Ok.... it comes with a heat bed! And a glass plate for that!
Unfortunately the heatbed is only the "MK2b" version, which is the heatbed WITHOUT a 3mm alloy plate affixed to that. This ends up being a quite notable shortfall/problem!

I only have the MK3 heatbed, that I bought to upgrade the PrintriteDIY printer, as a reference but it now shows that that is GREAT! Without the alloy plate affixed the heatbed warps/bends when it is hot. The glass plate remains straight BUT it means the whole printing bed alignment goes out of whack. eg it can be angled to one side, or diagonal. So you need to re-align it all pretty well every single print to be sure it is LEVEL! And even then it probably alters some small amount during printing.
So you really want and NEED that MK3 heatbed with the 3mm alloy plate it has affixed to it!

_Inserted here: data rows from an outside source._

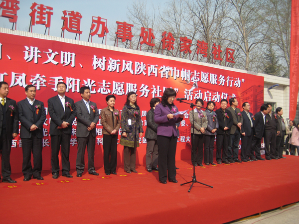 (本网讯)3月26日,由陕西省妇联、陕西省文明办、陕西省红凤工程志愿者协会、西安阳光医院主办,未央区文明办、民政局、卫生局、妇联、徐家湾街道党工委、办事处协办,西安阳光医院、未央区相关社区等联合举办的“迎世园、讲文明、树新风陕西省巾帼志愿服务行动”暨“红凤牵手阳光志愿服务社区”活动启动仪式在未央区徐家湾街道办举行,万象城平台,万象城(中国)一站式服务平台 30余名师生应邀参加了此次活动。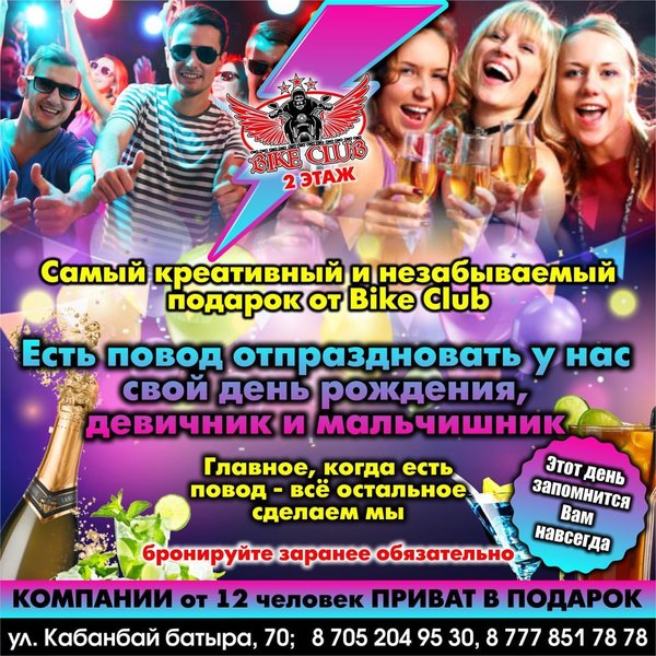 У вас день рождения? Девичник или мальчишник? Корпоратив? Или просто хочется устроить с друзьями мега-тусу? ВЕЛКАМ в наше клуб — тут есть все для ИДЕАЛЬНОЙ ПАТИ! BIKE CLUB г.Усть-Каменогорск, Кабанбай Батыра,70 Работаем БЕЗ ВЫХОДНЫХ с 18:00—06:00 с пн-чт до 23:00 вход свободный!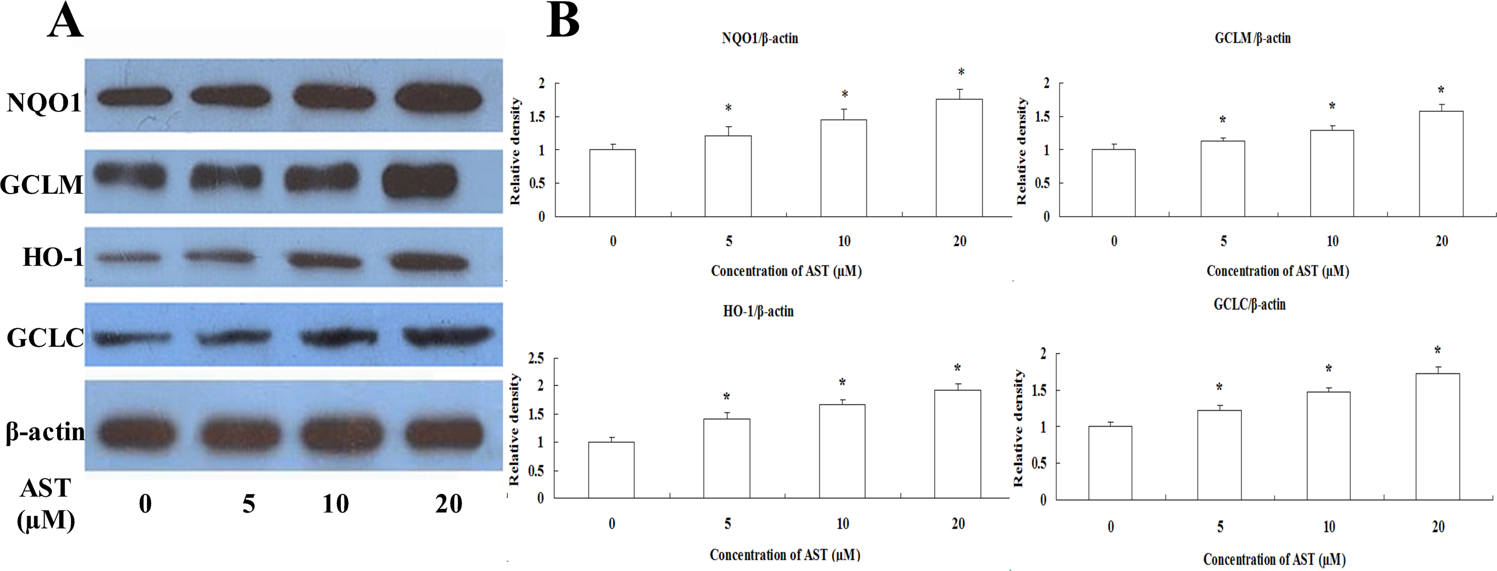 Figure 6. Astaxanthin increased expression of NQO1, GCLM, HO-1 and GCLC protein. A: Cells were treated with 5, 10, and 20 µM astaxanthin (AST) for 24 h. Western blot analysis was performed using the corresponding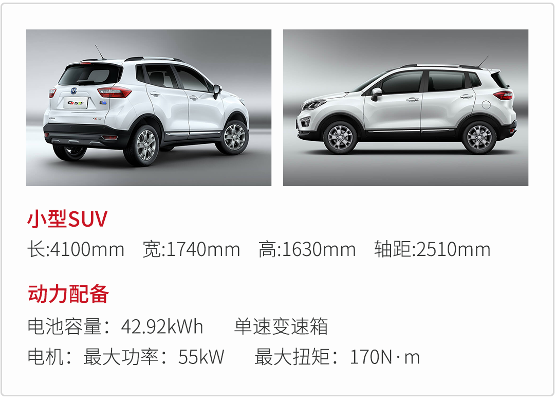 CS15EV采用容量为42.92kWh的三元锂电池,质保期为8年或者12万公里,综合工况续航里程为300km,60km/h匀速工况下可达350km。快充模式下,充至80%电量需要45分钟,慢充则需要11.5小时充至慢电,而使用家用充电桩充满电则需要13.5小时。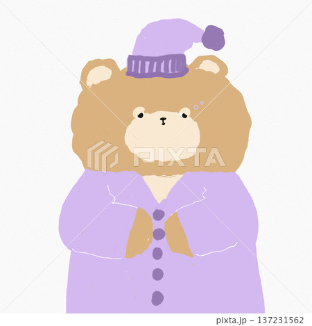 布団で眠るかわいいねこのキャラクターの手書き風イラスト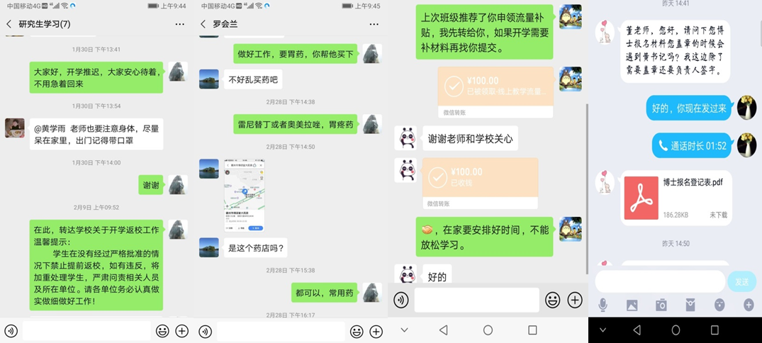 除了通过“云组会”加强对研究生学习科研指导,学校前四周已开课的179门研究生课程均顺利推进线上教学,其他175门研究生课程均已做好线上教学准备。此外,各学院(学部)坚决落实学校各项防控要求,及时做好各类信息报送,切实关心关爱每一位研究生身体健康和学习科研。信息工程学院副院长黄学雨:“我们学院及时落实疫情防控各项要求,相关人员各负其责,研究生秘书董丽凤老师每天及时了解反馈学生健康情况,对身体不适的同学,及时登记信息,给予关心和指导,并给予跟踪,直到康复。及时给予线上教学手机流量不足的同学发放线上教学流量专项补贴;给予疫情期间留校研究生发放生活补助;留校研究生出现身体不适的,积极帮助购买对症药品,帮助考博同学办理报考资料盖章等。”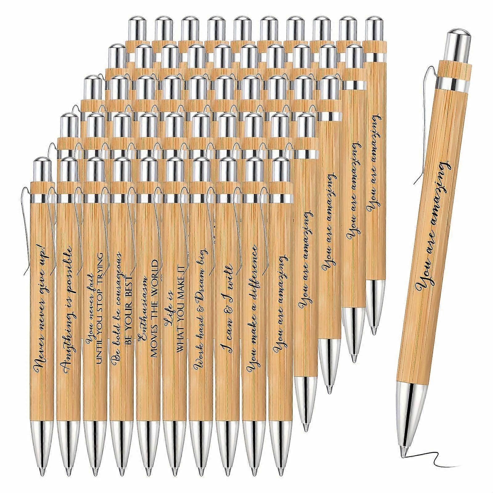 50pcs Inspirational Quote Bamboo Pens - Motivational Wooden Retractable Ballpoint Pens with Black Ink, Lightweight Medium Tip for Office, Classroom, a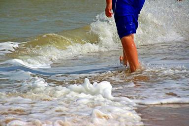 Keywords: feet legs sand water wave go spray barefoot walk splash be ashamed foam fun bathing sea water splashes sand beach summer sun beach go to the waves refreshment

The fact that the heatbed can warp also means it is not in 100% contact with the glass plate, thus the heat transfer is poor and then you need to run hotter bed temps so that the glass actually gets hot enough.

The heatbed is fixed to the printing bed/platform bu long bolts with 'springs' in between, to allow easy adjustment of the bed four corners. This is a good (and common) thing, which I do not have on the PrintriteDIY, YET. It is a "must have" setup! To allow easy bed leveling.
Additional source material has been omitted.